Reality TV and Black Women Don’t Mix
May 24, 2010 by blackgirlgrown
Filed under black women, featured articles
I have never been a fan of reality TV. Actually, it makes my skin itch. My mother swears by it. She watches Survivor, The Biggest Loser, and various others I can’t recall by name. These are much milder than the raunchy Real Housewives and Basketball Wives shows.
In most cases, reality TV is nothing more than a financial incentive to embarrass yourself, your family name, and anyone fitting your same/similar demographic.
I remember hearing about Basketball Wives when that show premiered. My own thoughts? Nothing good can come of it. Same has been true for all of the varying Real Housewives of Orange County/Atalanta/New Jersey.
And I especially believe that it paints black women in typical stereotypical fashion. This traces back to Omarosa on The Apprentice and continues on.
The Root has an interesting article arguing the pitfalls and value of some of these depictions. Those of us who are not fans are dismissed as having an “attitude that comes from a kind of middle-class, bourgeoisie ideology.”
From ”The Real Housewives of Atlanta” to ”What Chilli Wants,” these days, reality TV is fixated on black women. But only when we act the fool.
Remember the ”real” housewife named Sheree? Whose only claim to fame is that she was once married to a professional football player? Remember how she yanked housewife Kim’s blond wig and called her white trash outside of a fashionable Atlanta restaurant? (Kim, the sole Caucasian Atlanta ”housewife” whose married lover’s checks allows her to pay $3,000 on a regular basis to get the fat rolled from her thighs.)
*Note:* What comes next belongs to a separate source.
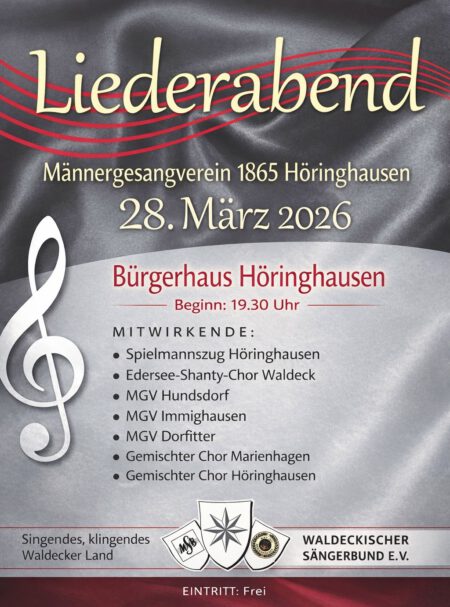 Bürgerhaus HöringhausenDer Männergesangverein 1865 Höringhausen lädt herzlich zum Liederabend ein! Am Samstag, 28. März 2026, erwartet die Besucherinnen und Besucher ein abwechslungsreicher Abend voller Chormusik im Bürgerhaus Höringhausen. Beginn ist um 19:30 Uhr.itwirkende Chöre und Musikgruppen aus der Region sorgen für ein vielseitiges musikalisches Programm:Spielmannszug Höringhausen • Edersee-Shanty-Chor Waldeck • MGV Hundsdorf • MGV Immighausen • […]

Across the reality-television spectrum, there have always been women like Sheree and her ”friends” on Bravo TV’s The Real Housewives of Atlanta: catty, materialistic, self-absorbed. But are television executives really only interested in black women when we’re acting a fool? And more importantly, are we really only interested in seeing ourselves portrayed in this light?
Apparently so: Last month, VH1 dominated the list of top 25 cable shows in black households for reality original programming, returning with the all new Basketball Wives ranked at No. 5. (Like Housewives and Tiny & Toya, the show features ex-girlfriends and wives trying to make names for themselves on the heels of relationships with famous men.) What Chili Wants followed in popularity at No. 7, and Brandy & Ray J came in at No. 11. Executives say that their channel has had a 9 percent increase in black women prime-time viewers ages 18-49 in this past year alone with the success of their reality shows. Read the full article.
What say you? Just fun or stereotypical garbage?